The book’s chief subject is the imagined exotic geography and material marvels of Hàn Wǔdì’s reign, narrated as the discoveries of foreign tribute embassies, the gifts of Western-mother-of-the-West (Xīwángmǔ 西王母) emissaries, and the reports of the fāngshì Dōngfāng Shuò. The Yǐngé chí — the “Pool of Shadow-Maiden” said to have been a court bathing pool of moon-reflecting clarity — is the most-cited single image, taken into the Táng cífù tradition by Shàngguān Yí and after him by countless writers. Other entries describe the Yānzhī shòu 燕支獸 (a long-lived beast whose hide and blood furnished a dye), the Bànchuáng 半床 night-shining gem, the Qǐngfēng cǎo 請風草 (a grass that summoned the wind), the Mèng cǎo 夢草 (which gave prophetic dreams), and the immortality island of Wùmíng 勿名 — a stock of imagery that became the standard exotic vocabulary of medieval Chinese poetry.

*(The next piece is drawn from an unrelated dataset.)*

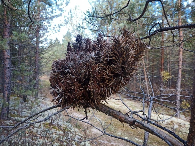 Ведьмины мётлы — это шарообразные или гнездовидные скопления ветвей в кронах деревьев. Подобные аномалии встречаются на соснах и елях в разных частях России, включая Нижегородскую область.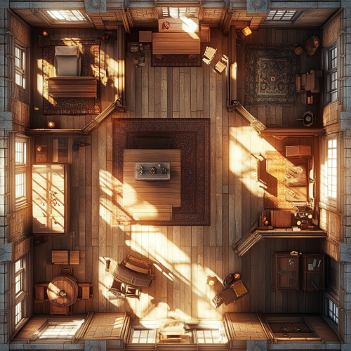 a birds eye view battle map for dungeons and dragons, the map is off an old castle office with wooden floors, a desk, an animal rug, and various bits that would be found in a castle are there

Sòng catalogs (《讀書志》, 《直齋書錄解題》) preserve Cháo Gōngwǔ’s quotation of “Guō Xiàn’s preface,” which articulates a Dōngfāng-Shuò-as-Daoist-admonisher reading of the work — an apologetic framing already adopted in the Sòng. Both the preface and the Shíyí are lost; the four juàn of the present Sìkù text is the Yǒnglè dàdiǎn-confirmed transmitted form.

Translations and research

  • Smith, Thomas E. “Ritual and the Shaping of Narrative: The Legend of the Han Emperor Wu.” Ph.D. dissertation, University of Michigan, 1992. The principal English-language study of the Hàn-Wǔ paranormal cycle, including Dòngmíng jì.
  • Schipper, Kristofer. L’empereur Wou des Han dans la légende taoïste: Han Wou-ti nei-tchouan. Paris: EFEO, 1965. Treats Dòngmíng jì alongside the Hàn-Wǔ dì nèi-zhuàn as a related text in the legend cycle.
  • Campany, Robert Ford. Strange Writing: Anomaly Accounts in Early Medieval China. Albany: SUNY Press, 1996. Discusses Dòngmíng jì in its survey of Six-Dynasties zhì-guài (esp. pp. 64–67, 306–308) and treats the pseudo-Guō-Xiàn attribution.
  • Wáng Gēn-lín 王根林, coll., in Hàn-Wèi liù-cháo bǐjì xiǎoshuō dàguān 漢魏六朝筆記小說大觀 (Shànghǎi gǔjí, 1999). Standard modern collation.
  • Lǐ Jiàn-guó 李劍國, Táng qián zhìguài xiǎoshuō shǐ 唐前志怪小說史 (Tiānjīn jiàoyù, 2005). Definitive Chinese-language study of pre-Táng zhì-guài; treats Dòngmíng jì as a Six-Dynasties forgery under Guō Xiàn’s name.
  • No full English translation has been located.

Other points of interest

The work is one of the earliest substantial sources for the medieval Chinese imagination of a fabulous “Far West” reached by HànWǔdì’s tributary embassies — paradisal islands east of the sea, jade-mountain dwellings of immortality-bestowing women, fāngshì alchemists with prolonged-life recipes. Its imagery feeds directly into the Daoist xiān-paradise vocabulary developed in the Shàngqīng 上清 and Língbǎo 靈寶 traditions of the 4th–5th c., which is one of the strongest indications of a 4th–5th-c. date for the received recension. Compare the parallel pseudo-Hàn-Wǔ cycle of KR5c0048 Hǎinèi shízhōu jì 海內十洲記 and the HànWǔ dì nèizhuàn.